Monday, November 17, 2014

Reaching the Range


In a group discussion recently, several professors brought up the challenge of teaching a class in which the range of student preparation levels stretches from “coulda gone anywhere, if not for money and family issues” to “not yet reading at a college level.”  When you have students at either end of that continuum, and at all points in between, in the same room at the same time, reaching all of them isn’t easy.

College professors traditionally aren’t really taught how to teach, except by example.  But the examples are usually drawn from graduate school, in which you can usually take a certain level of academic preparation and interest for granted.  (At least, I hope so!)  I recall some very talented lecturers in grad school, and some competent discussions, but I don’t recall ever being taught how to reach undergrads who struggled to read the text, when they bothered to try.  That does not seem to have changed in most fields.  (I’ll tip my cap here to the rhet/comp folk, who have made a point of reaching students where they actually are.)

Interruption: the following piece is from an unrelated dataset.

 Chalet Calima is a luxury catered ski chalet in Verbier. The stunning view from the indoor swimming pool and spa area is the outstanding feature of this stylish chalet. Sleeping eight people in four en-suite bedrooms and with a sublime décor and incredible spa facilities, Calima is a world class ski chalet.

Some of the academic departments try to attack the issue by gatekeeping.  Putting prerequisites on courses is a way to screen out the most academically challenged.  But outside of courses in which the content builds in a linear way, like the algebra sequence, it’s gatekeeping for the sake of gatekeeping.  It tends to create certain academic ghettos into which developmental students are herded, because they still need full-time status and they still want to make progress towards graduation.  It often starves the walled-off courses of the enrollments they need, if they’re going to run.  And based on both anecdotal feedback and pass rates, it seems to make much less difference than its proponents want it to make in the classroom.  Besides, if we want to speed up completion rates, gatekeeping is the last thing we should be doing.

Ideally, some targeted professional development to help faculty work more effectively with the students they actually have.  That way we wouldn’t have to choose between open access and high success.  This is where I’m hoping my wise and worldly readers can ride to the rescue.

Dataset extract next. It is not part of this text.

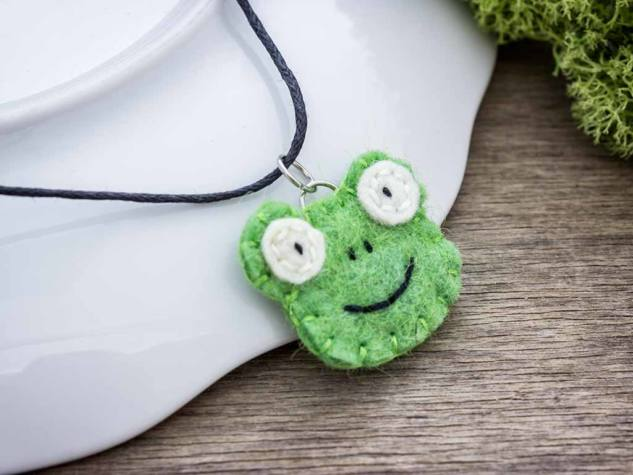 A jópofa békák nyakláncként is megjelentek. Kis zöld béka-fejek fekete – állítható hosszúságú – pamutláncon.
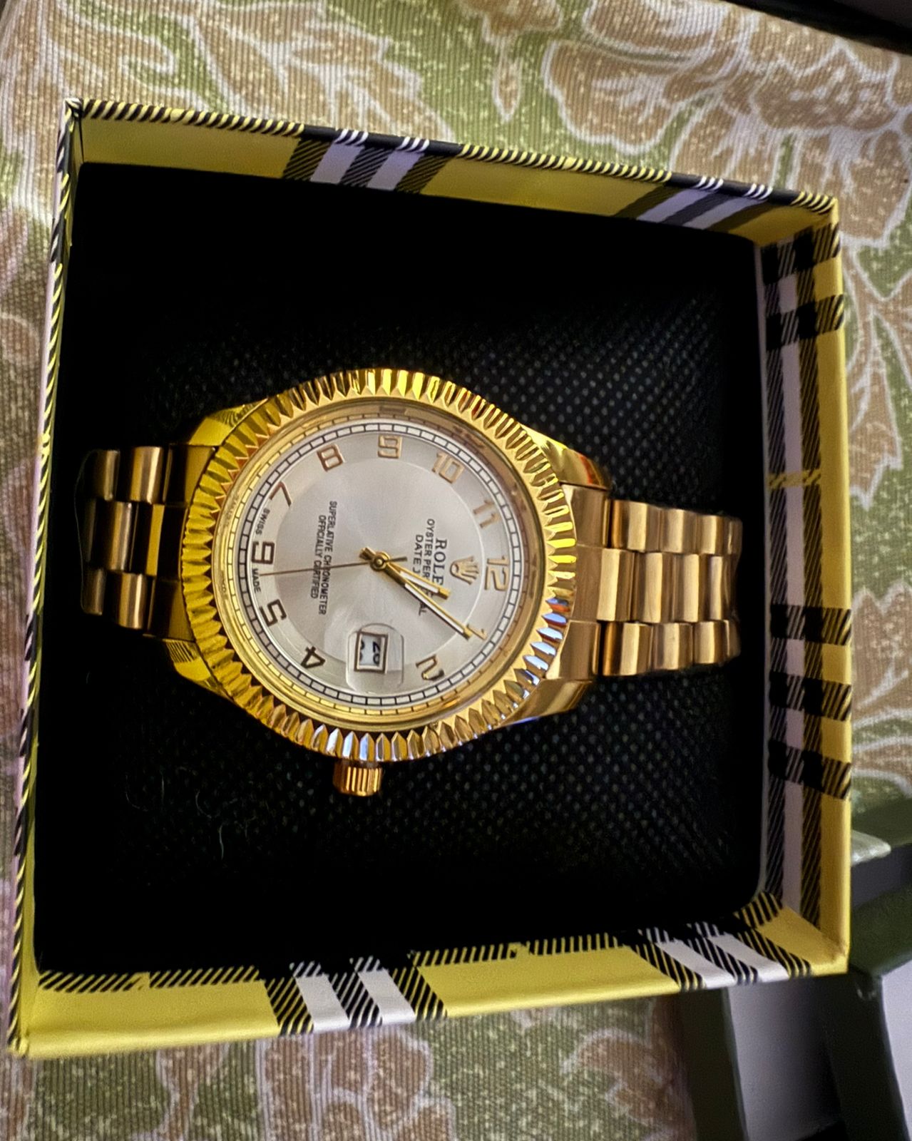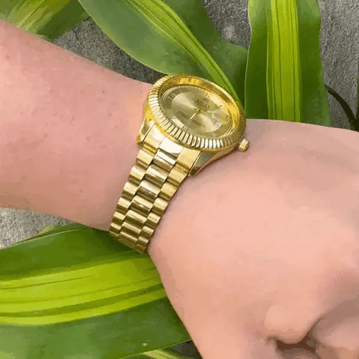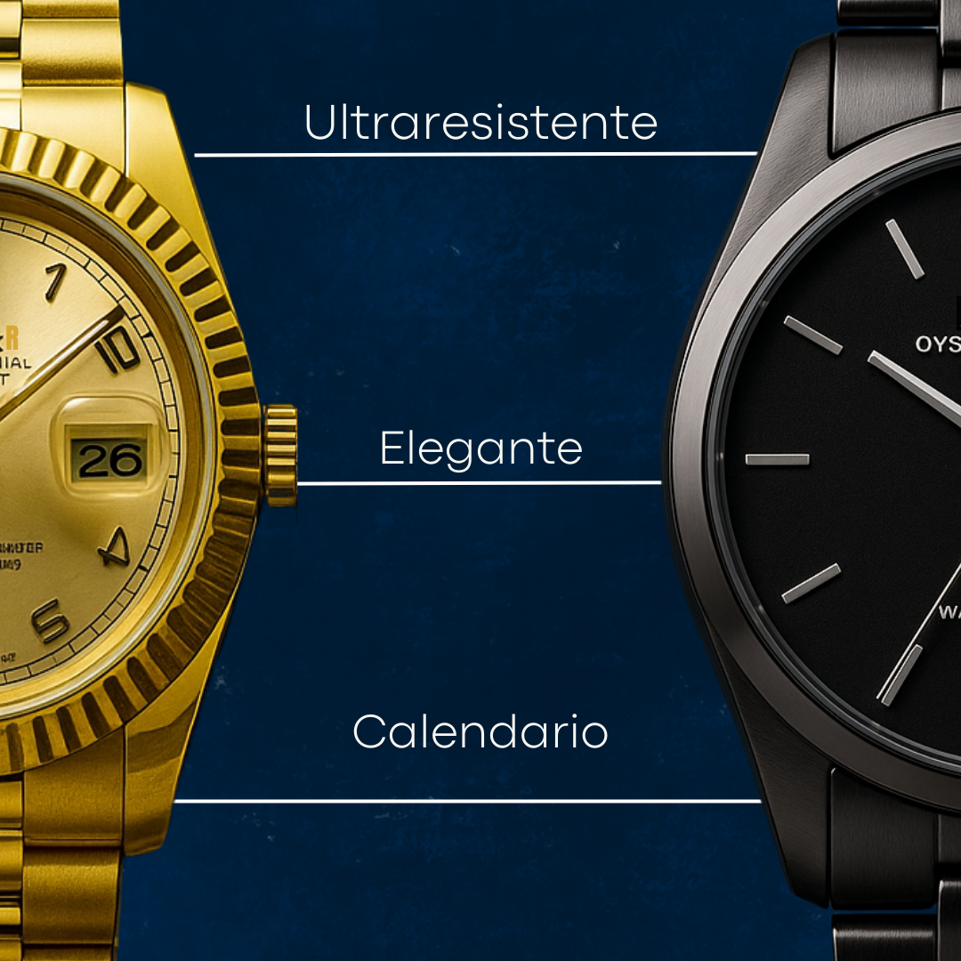 Elefante Vintage Gold (dorado): caja de acero 316L con recubrimiento PVD oro de 38–40 mm y grosor cercano a 12 mm; bisel liso pulido; cristal de zafiro con lente para la fecha. Movimiento automático (21,600–28,800 vph) con reserva aproximada de 40–70 h; horas, minutos, segundos, fecha rápida y hackeo de segundero; regulación típica –10/+20 s/día. Hermeticidad de 100 m con corona atornillada y doble sellado. Esfera champán con acabado rayos de sol, índices aplicados y luminiscencia en agujas. Brazalete de acero PVD oro con eslabón macizo (estilo 3 o 5 hileras) y cierre desplegable con microajuste ~5 mm. Entre asas 20 mm; peso aproximado 145–165 g.

We’ve all endured professional development workshops or events in which the living envied the dead.  The usual sins run the gamut from “field-specific to a field that isn’t mine” to “irrelevant for the students we actually have” to “would be nice, if we had triple the budget we have.”  And that’s without even getting into the more reductive versions of The One True Faith or There’s An App For That.

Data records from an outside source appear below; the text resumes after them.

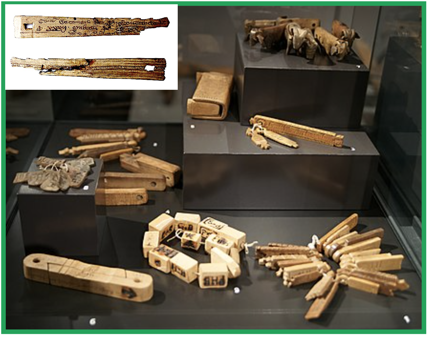INSET : Medieval English split tally stick (⬇️ front & back) – notched & inscribed to record a debt owed to the rural dean of Preston Candover in Hampshire – of a tithe of 20d each on 32 sheep, amounting to a total sum of £2 13s. 4d (UK).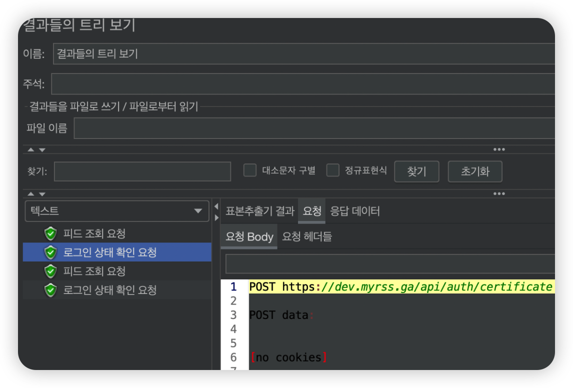 - 개별 요청에 대한 요청, 응답 정보를 확인할 수 있습니다.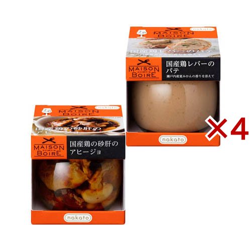 メゾンボワール 2種アソート 国産鶏の砂肝のアヒージョ & 国産鶏レバーのパテ/缶詰類/ブランド:メゾンボワール/【発売元、製造元、輸入元又は販売元】nakato/・単品JAN:4986504003937/【メゾンボワール 2種アソート 国産鶏の砂肝のアヒージョ & 国産鶏レバーのパテの商品詳細】★国産鶏の砂肝のアヒージョ●国産鶏の砂肝と2色のいんげん豆を、にんにくがしっかり効いたアヒージョにしました。★国産鶏レバーのパテ●国産鶏のレバーペーストに鶏もも肉を加え、瀬戸内産の夏みかんでさわやかに仕上げました。/cate45780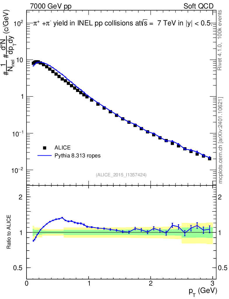 Lines: data, pythia8 8.313 ropes |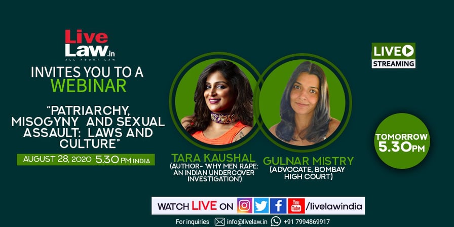 LiveLaw is organizing a webinar on August 28, 2010 at 5:30 pm.Topic:"Patriarchy, Misogyny & Sexual Assault: Laws and Culture"Tara Kausal , (Author of The Book - "Why Men Rape, an Indian Undercover Investigation ")In Conversation With Gulnar Mistry (Advocate, Bombay High Court)The Details of the webinar are as follows: Zoom...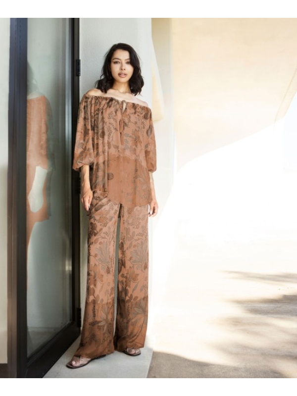 Φόρεμα εξώπλατο εμπριμέ καφέ μόκα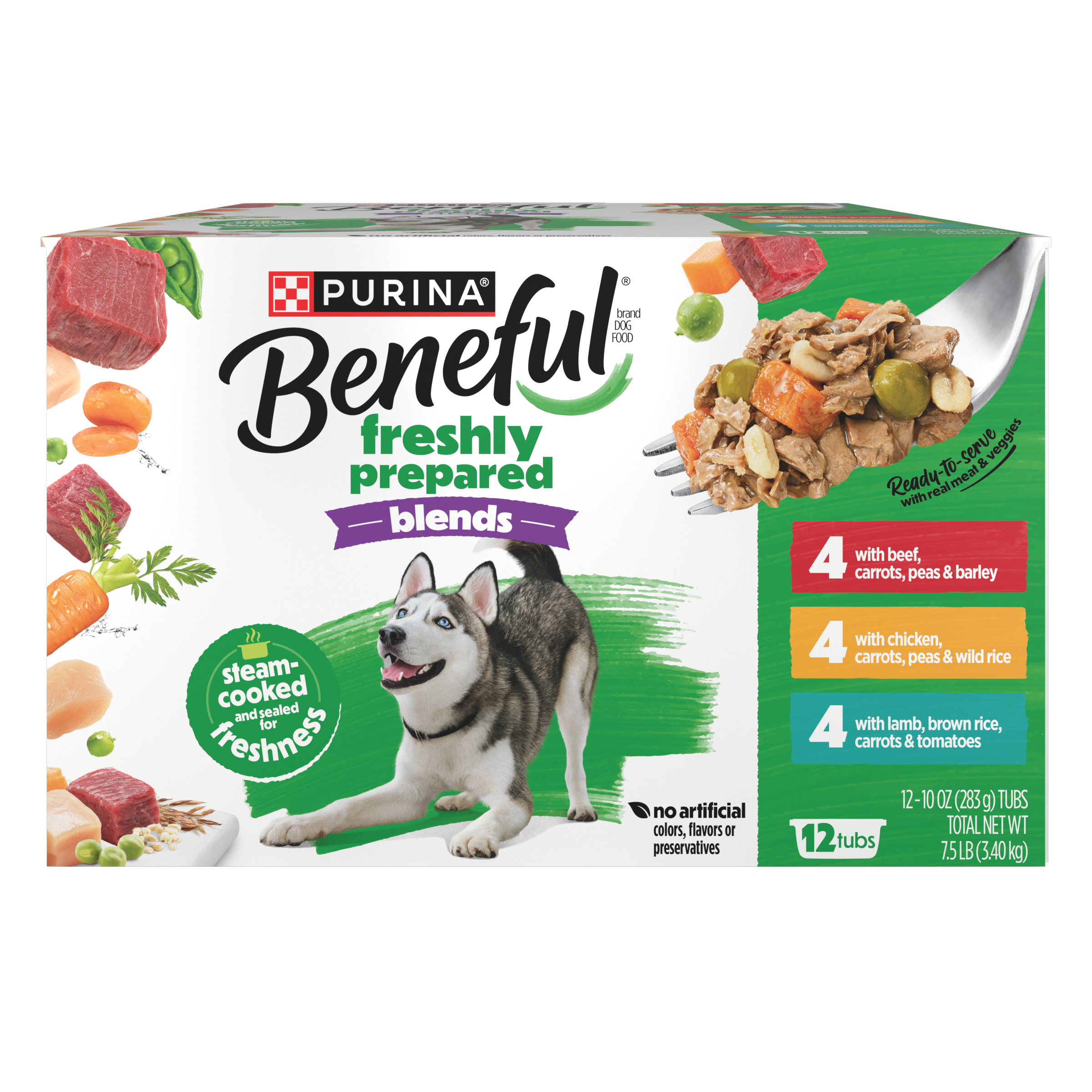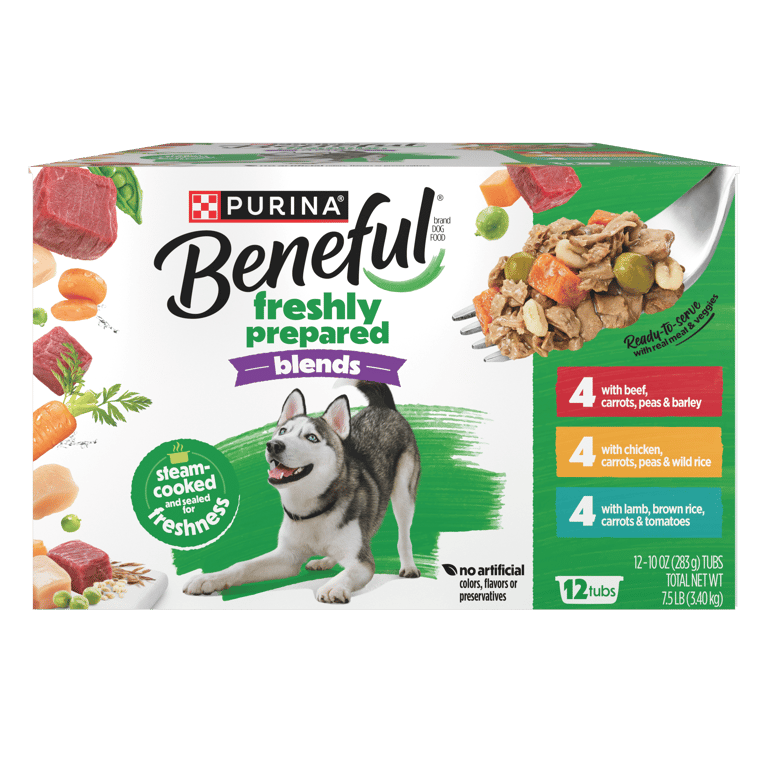 12-count Beneful Chopped Blends dog food variety pack is made with real chicken, beef or lamb and inclusions of real vegetables and grains you can see; High protein dog food helps support strong muscles and contains no artificial colors, flavors or preservatives

Wise and worldly readers, have you seen, or found, or developed, a professional development resource that was actually helpful in the specific challenge of reaching students across a wide range of preparation levels?  Ideally, one that isn’t specific to a single discipline?  I’d love to provide faculty access to something that would actually help, and that would help across a wide spectrum of disciplines.  We aren’t moving to selective admissions, and the range isn’t getting any narrower, so anything that’s actually useful would be appreciated.